● **TASK REQUIREMENTS**
In the records below, find every line with the word "hero" and copy it.

[Excerpts from a dataset]
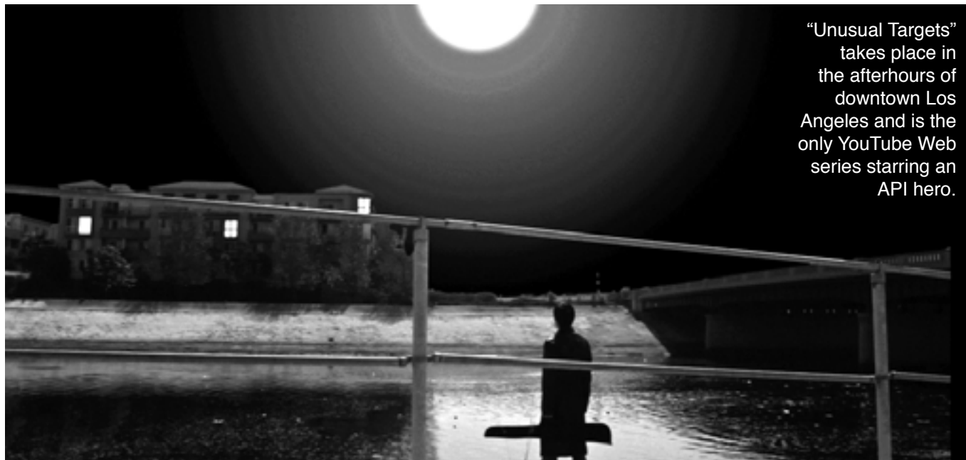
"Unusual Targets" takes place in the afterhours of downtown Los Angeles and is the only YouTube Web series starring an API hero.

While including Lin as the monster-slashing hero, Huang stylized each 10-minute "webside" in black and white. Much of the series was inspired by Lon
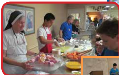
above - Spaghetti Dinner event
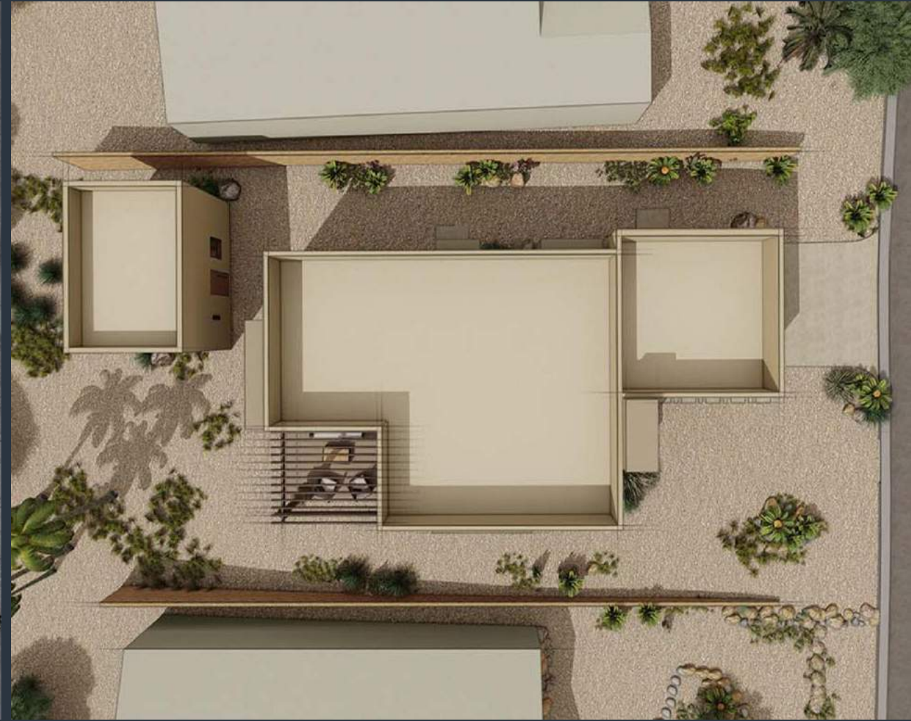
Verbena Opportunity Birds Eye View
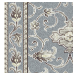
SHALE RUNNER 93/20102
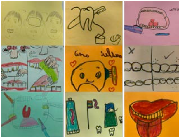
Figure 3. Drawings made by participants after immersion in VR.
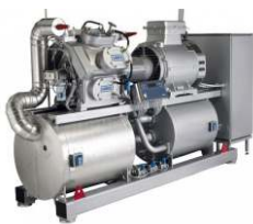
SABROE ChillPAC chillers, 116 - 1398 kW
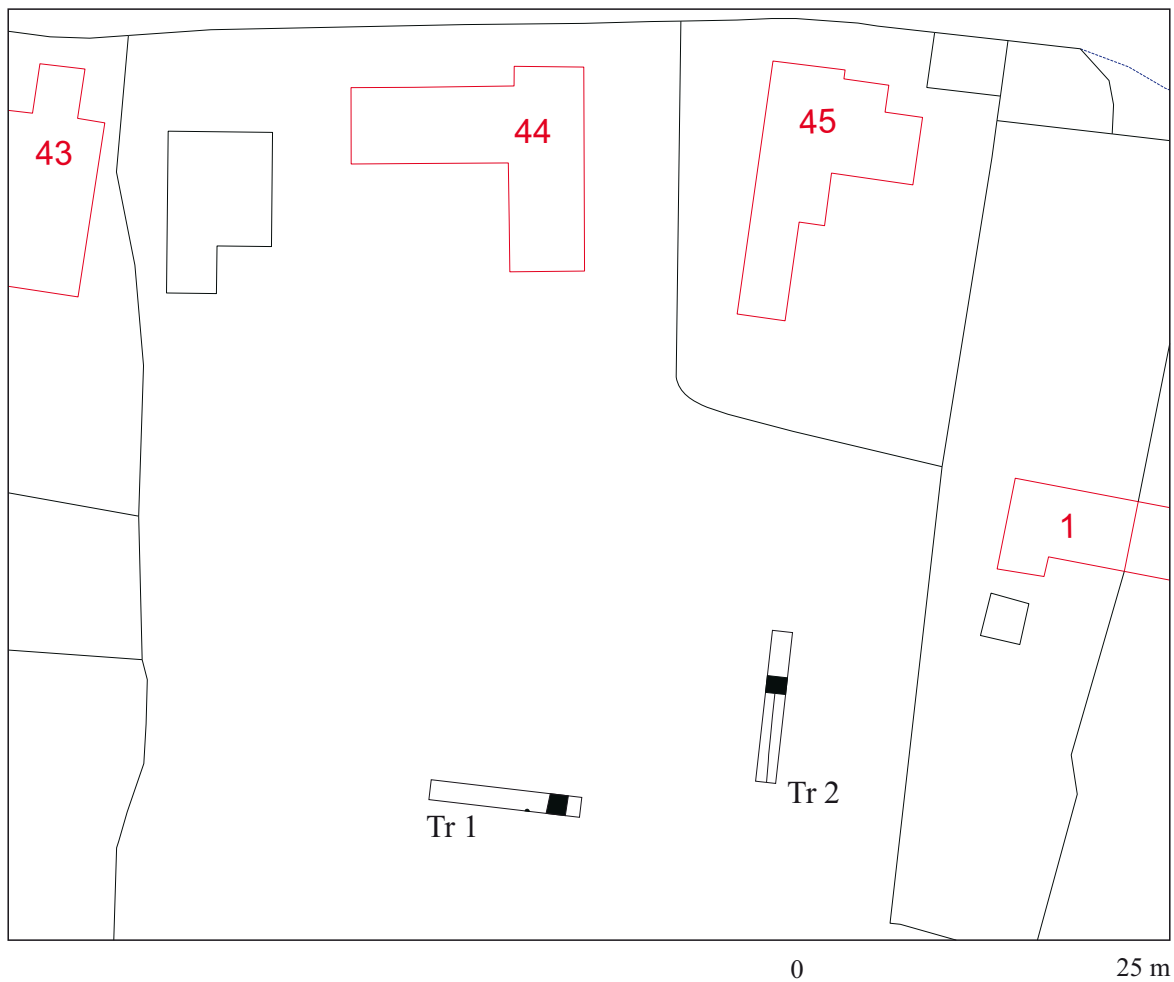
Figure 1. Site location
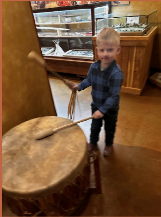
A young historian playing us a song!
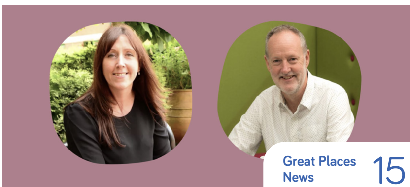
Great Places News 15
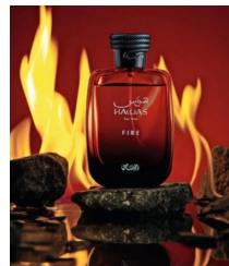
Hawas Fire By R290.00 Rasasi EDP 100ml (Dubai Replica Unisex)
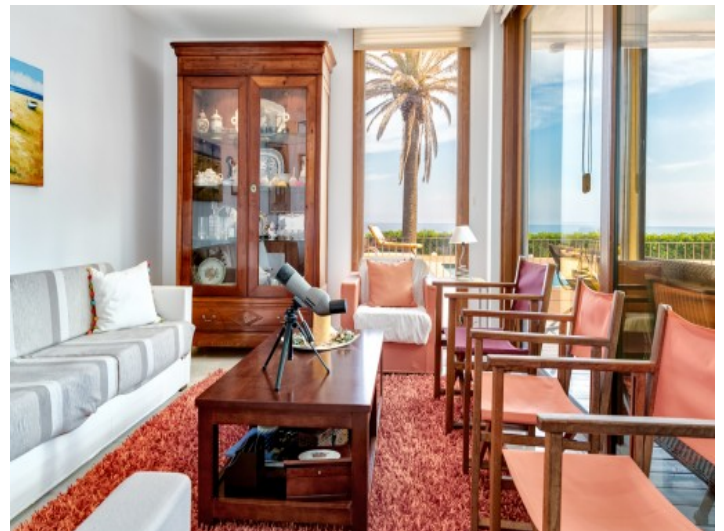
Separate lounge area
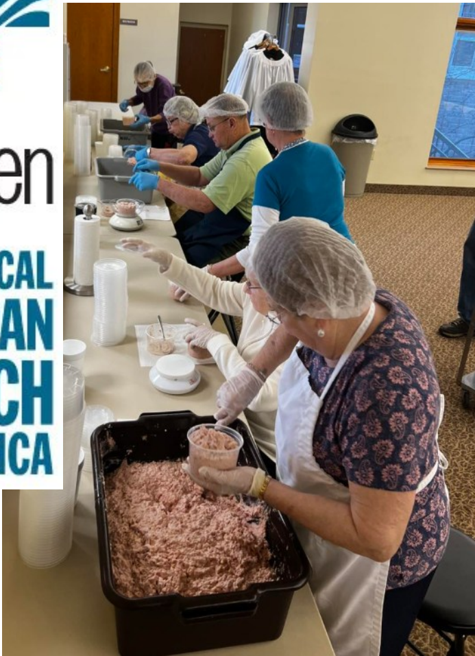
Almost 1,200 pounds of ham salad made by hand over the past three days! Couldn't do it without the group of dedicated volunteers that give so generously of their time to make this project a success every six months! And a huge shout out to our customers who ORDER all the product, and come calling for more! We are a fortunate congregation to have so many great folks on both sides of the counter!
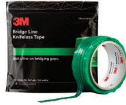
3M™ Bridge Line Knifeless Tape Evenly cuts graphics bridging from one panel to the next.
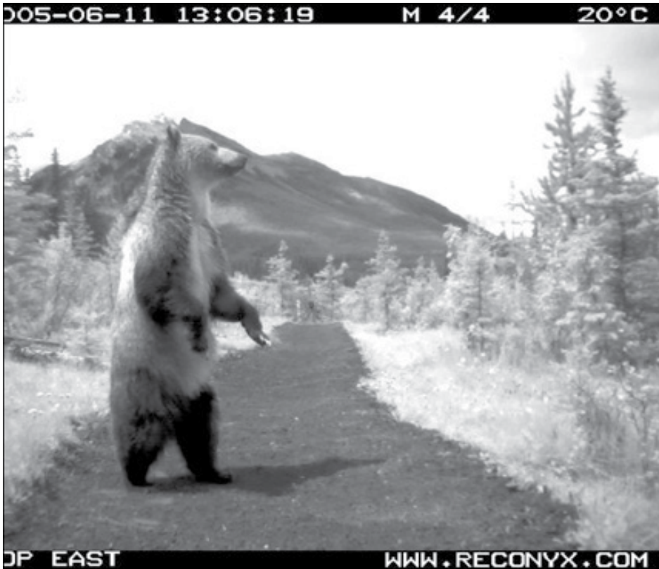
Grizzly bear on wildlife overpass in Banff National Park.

● **EXERCISE OUTPUT**
"Unusual Targets" takes place in the afterhours of downtown Los Angeles and is the only YouTube Web series starring an API hero.
While including Lin as the monster-slashing hero, Huang stylized each 10-minute "webside" in black and white. Much of the series was inspired by Lon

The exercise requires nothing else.